> _DATA RECORDS_

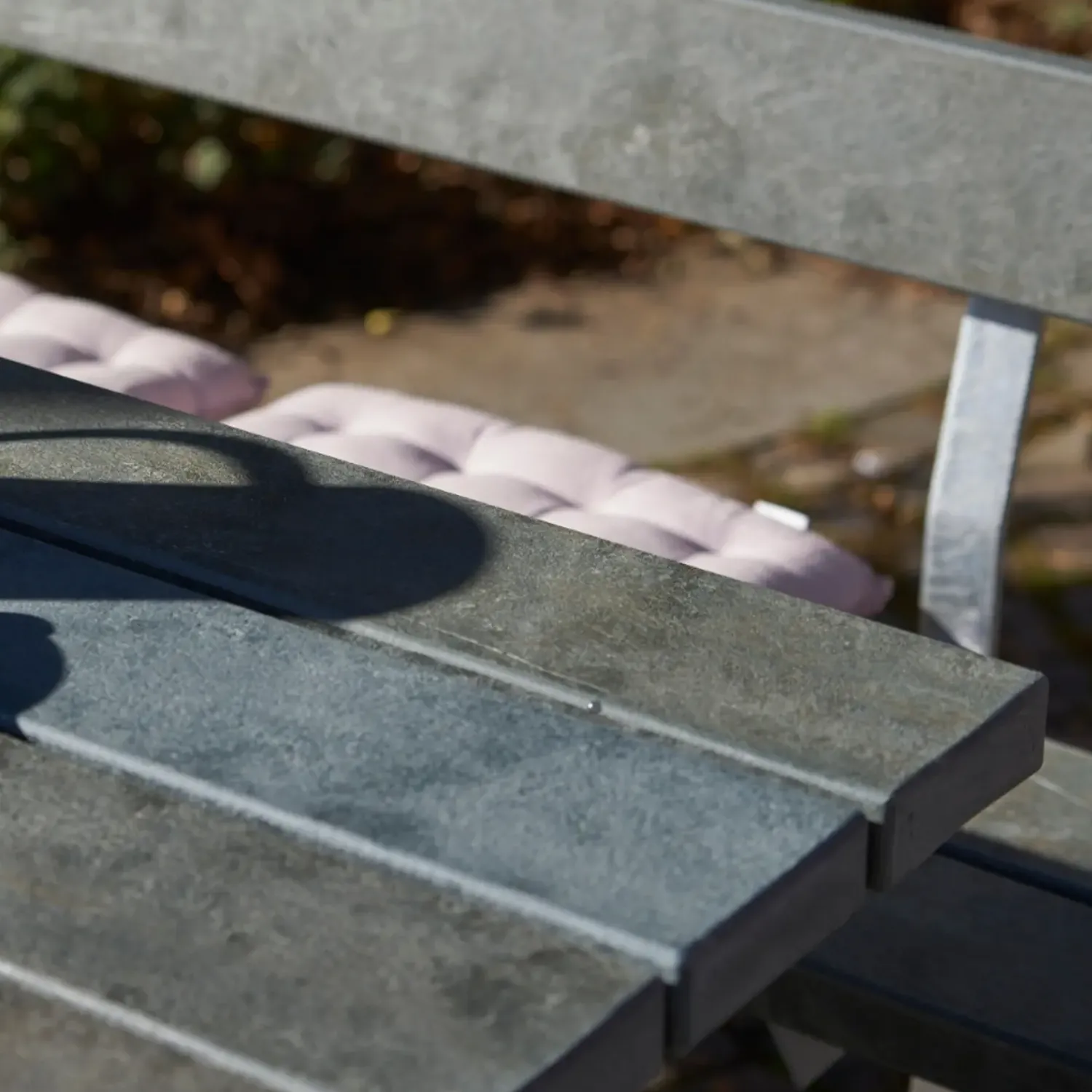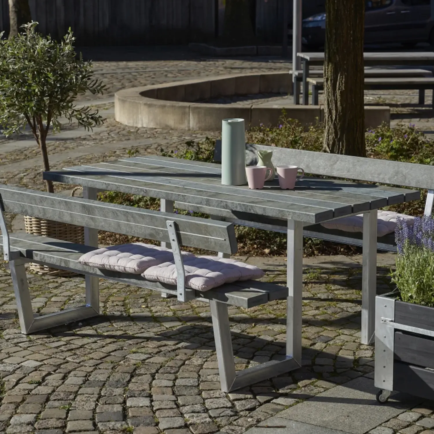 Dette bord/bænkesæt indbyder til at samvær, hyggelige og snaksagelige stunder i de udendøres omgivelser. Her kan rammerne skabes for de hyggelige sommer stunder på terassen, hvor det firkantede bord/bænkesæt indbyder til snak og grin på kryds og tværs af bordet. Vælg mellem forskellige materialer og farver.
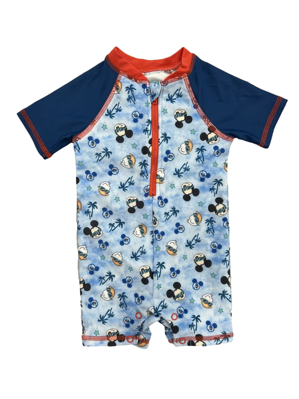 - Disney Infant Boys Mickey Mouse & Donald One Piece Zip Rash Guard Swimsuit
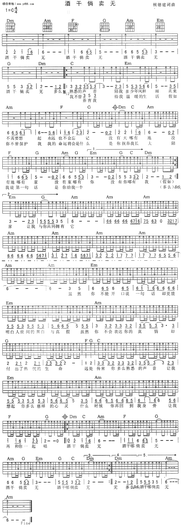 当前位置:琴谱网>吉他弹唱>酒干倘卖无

==

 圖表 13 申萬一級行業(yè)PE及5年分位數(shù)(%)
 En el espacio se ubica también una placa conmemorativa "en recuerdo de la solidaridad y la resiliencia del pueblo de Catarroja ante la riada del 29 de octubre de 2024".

> _YOUR GOAL_
Your answer should consist of the lines above between those holding "Dette bord/bænkesæt indbyder" and "当前位置:琴谱网>吉他弹唱>酒干倘卖无", inclusive, reproduced word for word and without pictures.

> _EXERCISE SOLUTION_
 Dette bord/bænkesæt indbyder til at samvær, hyggelige og snaksagelige stunder i de udendøres omgivelser. Her kan rammerne skabes for de hyggelige sommer stunder på terassen, hvor det firkantede bord/bænkesæt indbyder til snak og grin på kryds og tværs af bordet. Vælg mellem forskellige materialer og farver.
 - Disney Infant Boys Mickey Mouse & Donald One Piece Zip Rash Guard Swimsuit
 当前位置:琴谱网>吉他弹唱>酒干倘卖无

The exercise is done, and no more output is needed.